Exploratory and Descriptive Statistics and Plots
Source:vignettes/exploratory-vignette.Rmd
exploratory-vignette.Rmd
To start, load the package.
Descriptive Statistics
The egltable()
function calculates basic descriptive
statistics.
M (SD) | |
---|---|
mpg | 20.09 (6.03) |
hp | 146.69 (68.56) |
qsec | 17.85 (1.79) |
wt | 3.22 (0.98) |
vs | 0.44 (0.50) |
The strict
argument can be used if variables are
categorical but are not coded as factors. In this case, vs
has two levels: 0 and 1 and the frequency and percentage of each are
shown instead of the mean and standard deviation.
M (SD)/N (%) | |
---|---|
mpg | 20.09 (6.03) |
hp | 146.69 (68.56) |
qsec | 17.85 (1.79) |
wt | 3.22 (0.98) |
vs | |
0 | 18 (56.2%) |
1 | 14 (43.8%) |
egltable()
also allows descriptive statistics to be
broken down by another variable by using the g
argument.
This not only separates results by group but also calculates bivariate
tests of the differences between groups and effect sizes. For example,
t-tests for continuous variables and two groups or chi-square tests for
categorical variables.
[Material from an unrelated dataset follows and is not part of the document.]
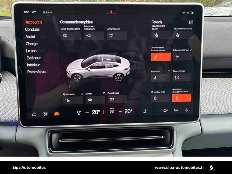 360° Cameras and 3D view / ADAS - Advanced Driver Assistance systems 11 vision cameras, 1 radar, 12 ultrasonic sensors, 1 DMS / LED Headlights with active high beam / LED rear lights / Parking climate incl. scheduled preconditioning / 12V power outlet in rear luggage compartment / 15.4 Landscape CSD / 15W wireless phone charger / 20" Aero / 6-way electrical passenger seat / 8-way electrical driver seat with profile memory / ABS, ESP / AC Charging cable for public/home wallbox / Adaptive cruise control (ACC) with Stop and Go / Adjustable steering force / Advanced Collision Avoidance Intersections / Alarm with interior motion sensor (PPWW state Alarm theft - Internal monitor) / Alco-lock preparation / Android Automotive OS / Blind Spot Information System (BLIS) with steer assist / Camera based interior mirror with automatic dimming, glare and brightness control / CCD Continuous control damping chassis (LRDM), adjustable in 3 levels / Clean Zone / Collision Avoidance and mitigation by braking and steering / Colour coordinated Polestar emblem / Cross Traffic Alert (CTA) with brake support / Customer modes (car wash-, rest-, and animal mode) / DAB+ / Digital key / Digital rear view interior mirror / Direct tyre pressure monitoring system / Drive modes (LRDM): Performance and Range, Launch mode / Driver Alert Control / Electric child safety lock in rear doors / Electrical door latch / Energy saving heat pump / Floating tunnel console with lower storage / Flush door handles / Flush door/windows with frameless windows / Forward Collision Warning / Frameless exterior mirrors / Front and rear parking assist / Front storage compartment - 15 litres / Google Built-in / Hands-on detection Steering wheel / Heated front seats / High performance audio system 8-speakers / In car apps / Integrated e-SIM with 5G network / Intelligent speed assist Speed limit information.Speed limit warnings / ISOFIX outer rear seats / Keyless entry and drive / Lane Keeping Aid / Life detection interior radars / Metal door sill and trunk sill inlay / Mid-level interior illumination / Motorised charge lid / One pedal drive (regenerative braking), x3 adjustable modes / OTA updates / Panoramic glass roof / Polestar App / Post-impact braking / Power operated tailgate with soft closing / Puddle light logo projector / Rain sensor / Rear Collision Warning & Mitigation (RCWM) / Rear seat - 40/60 split / Rear storage compartment - 526 litres including under floor / Road Sign Information / Run-off Road Mitigation / Slim IP and Air vents / Smart home connectivity / Solar system-inspired interior illumination / TCS / Textile floor mats 100% rPET / Up to 11 kW AC charging / Up to 200 kW DC charging / USB-C 2 front, 2 rear row, 1x 60W / x1 Ultra-wideband key, x1 NFC key cards et Polestar Digital Key

For more than two groups, ANOVAs are used.
0 M (SD)/N (%) | 1 M (SD)/N (%) | Test | |
---|---|---|---|
mpg | 17.15 (3.83) | 24.39 (6.17) | t(df=30) = -4.11, p < .001, d = 1.48 |
hp | 160.26 (53.91) | 126.85 (84.06) | t(df=30) = 1.37, p = .180, d = 0.49 |
qsec | 18.18 (1.75) | 17.36 (1.79) | t(df=30) = 1.29, p = .206, d = 0.47 |
wt | 3.77 (0.78) | 2.41 (0.62) | t(df=30) = 5.26, p < .001, d = 1.89 |
vs | Chi-square = 0.91, df = 1, p = .341, Phi = 0.17 | ||
0 | 12 (63.2%) | 6 (46.2%) | |
1 | 7 (36.8%) | 7 (53.8%) |
For very skewed continuous variables, non-parametric statistics and
tests may be more appropriate. These can be generated using the
parametric
argument. For chi-square tests with small cell
sizes, simulated p-values also can be generated.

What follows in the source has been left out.